BRIEF:
Write out exactly the lines from the one with "Brave Soul Contrast" through the last line of the data below, but not the pictures.

(Data extracted from a collection)
....

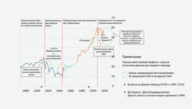 20世紀(jì)美國的兩次崛起可視為其積累周期、“漫長世紀(jì)”的基礎(chǔ)。這兩次崛起基于兩次世界大戰(zhàn)及其戰(zhàn)后恢復(fù)期,這里值得注意的是,兩次大戰(zhàn)均發(fā)生于歐洲和亞洲,不在美國的領(lǐng)土之上。很大程度上,美國為這兩次在其領(lǐng)土之外進行的戰(zhàn)爭和戰(zhàn)后重建提供了物資和技術(shù)(在擴展自己產(chǎn)量的基礎(chǔ)上)。另一方面,在美聯(lián)儲的運作下世界經(jīng)濟美元化的程度不斷加深??梢哉f,美國“漫長世紀(jì)”基于其疆域以外的世界經(jīng)歷“破壞—重建”,循環(huán)往復(fù)。
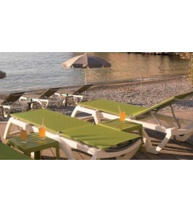 מיטת שיזוף העשויה מפלסטיק מאוד איכותי בשילוב ריפוד בד טקסליין כחול. המיטות נערמות אחת על שנייה לאחסון קל במיוחד ובעלות גלגלים לניוד נוח יותר. עמיד בכל תנאי מזג אוויר.תוצרת צרפת
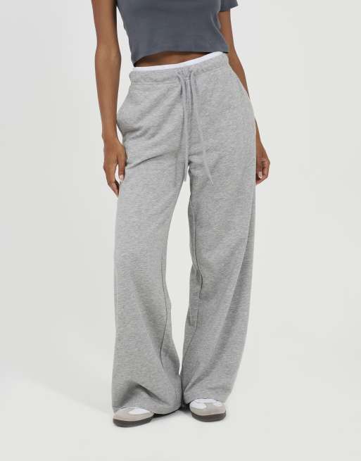 Brave Soul Contrast double waistband wide leg joggers in grey
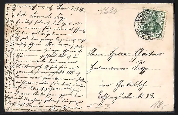 gelaufen 1912, Eckknicke li. oben und re. unten, guter Zustand
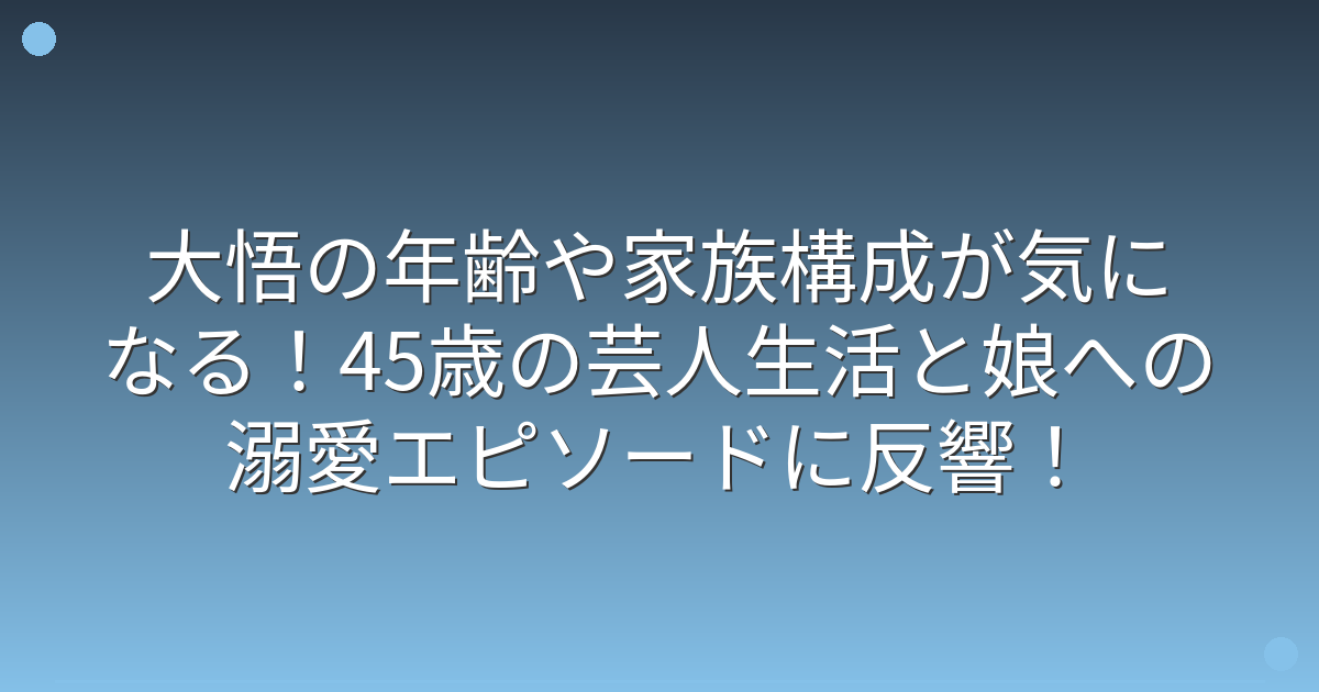 大悟の年齢や家族構成が気になる!45歳の芸人生活と娘への溺愛エピソードに反響!
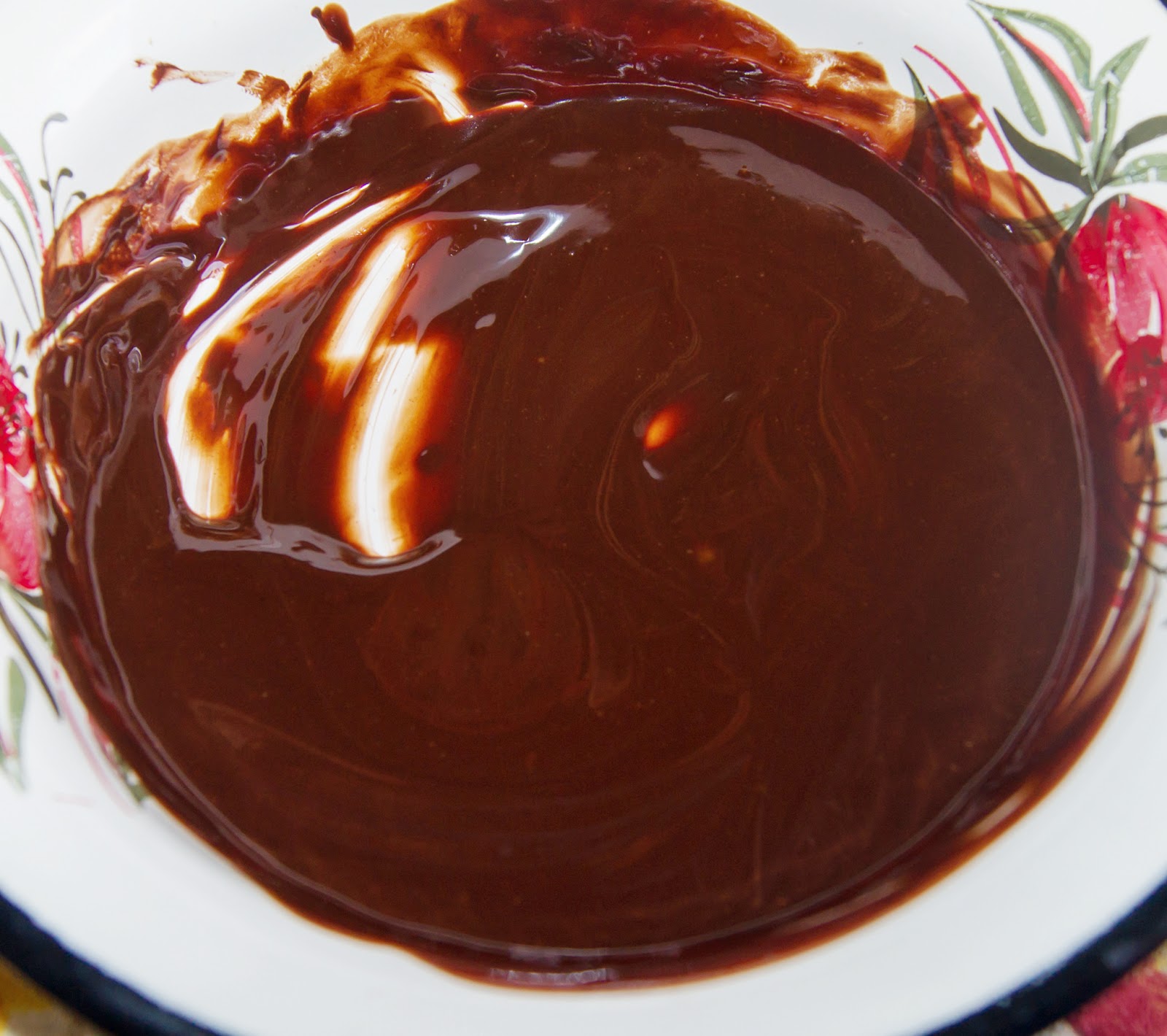 4. Распустить шоколад на водяной бане, затем снять с огня и добавить несолёное сливочное масло.  Размешивать до получения однородной массы.

....

ANSWER BELOW:
 Brave Soul Contrast double waistband wide leg joggers in grey
 gelaufen 1912, Eckknicke li. oben und re. unten, guter Zustand
 大悟の年齢や家族構成が気になる!45歳の芸人生活と娘への溺愛エピソードに反響!
 4. Распустить шоколад на водяной бане, затем снять с огня и добавить несолёное сливочное масло.  Размешивать до получения однородной массы.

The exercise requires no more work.